NC Entrepreneur Corps
The state of North Carolina is launching the NC Entrepreneur Corps, a new work-based learning opportunity for college students that will kick off during the spring semester of 2020. The initiative is the brainchild of Gov. Roy Cooper’s North Carolina Entrepreneurship Council, which is chaired by Capitol Broadcasting exec Michael Goodmon. The students will be tasked with helping to solve issues like recruiting and retaining young tech talent, creating new digital communication channels and developing an analytics dashboard for citizens. TechWire has all the details, and applications from four-year and community college students are due on Dec. 31.
Colorful Name
Remember on Tuesday when we mentioned Raleigh’s Virtue Labs and its high-tech hair coloring breakthrough?
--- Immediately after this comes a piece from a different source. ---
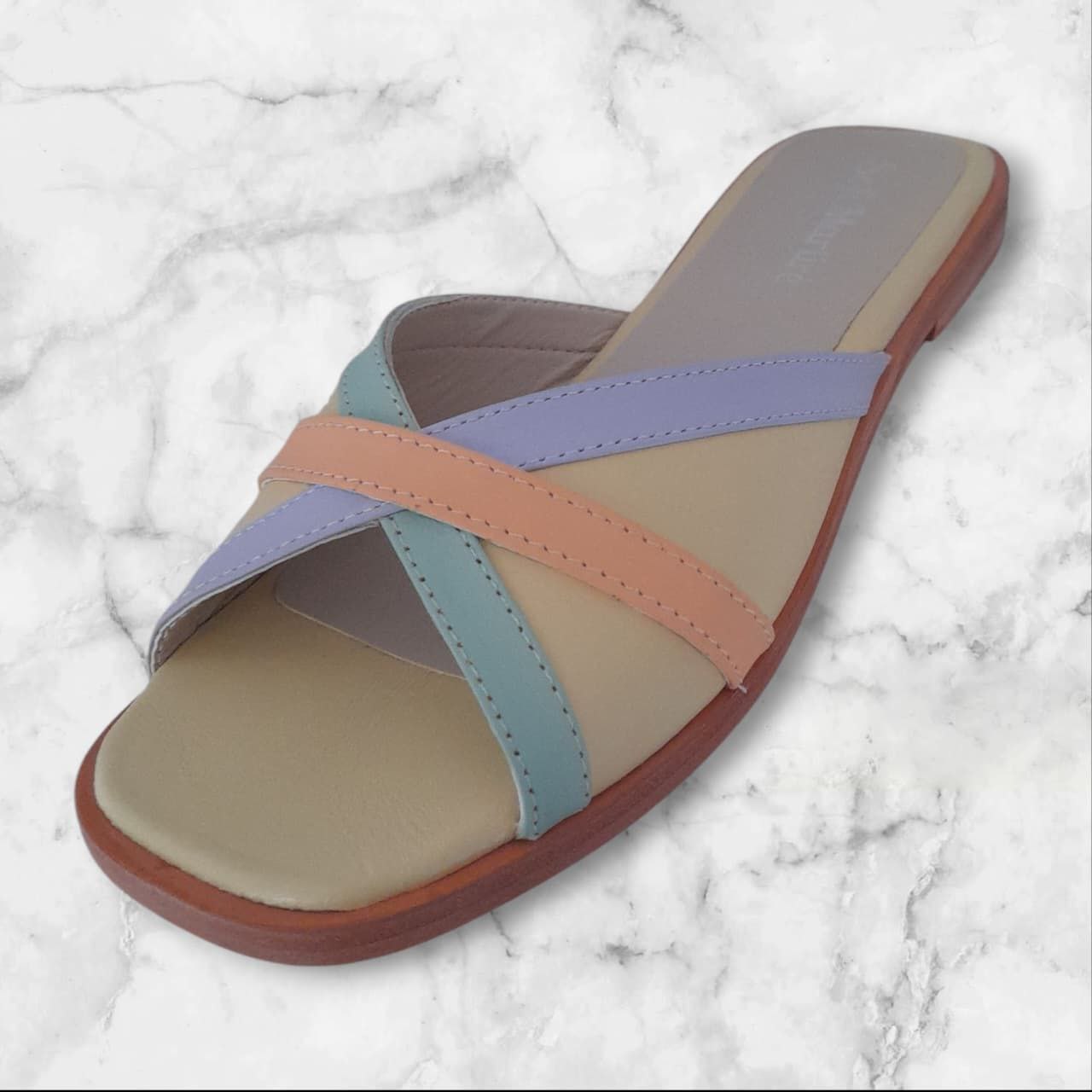 Sandalia en napa plana con tiras cruzadas en tonos pasteles. Alegre, fresca y juvenil para looks veraniegos.

If no, please just nod along anyway because I don’t like to think I’m doing this for nothing. Well, Virtue Labs is back in the news again, this time for adding actress Jennifer Garner to its team. Which reminds me—next time you see me, ask me to tell my True Hollywood Stories tale about her. (Bottom line: she really is as nice as she seems.)
Extra Bit
Hey, tech-savvy teens: the Google Fiber Space in Raleigh will host the Oak City Teen Hackathon tonight from 5-8 p.m. Participants will be asked to address the problems brought about by Raleigh’s increased gentrification, especially its impact on neighborhoods and the sense of community. You can contact the City of Raleigh’s Bradley Upchurch for more info.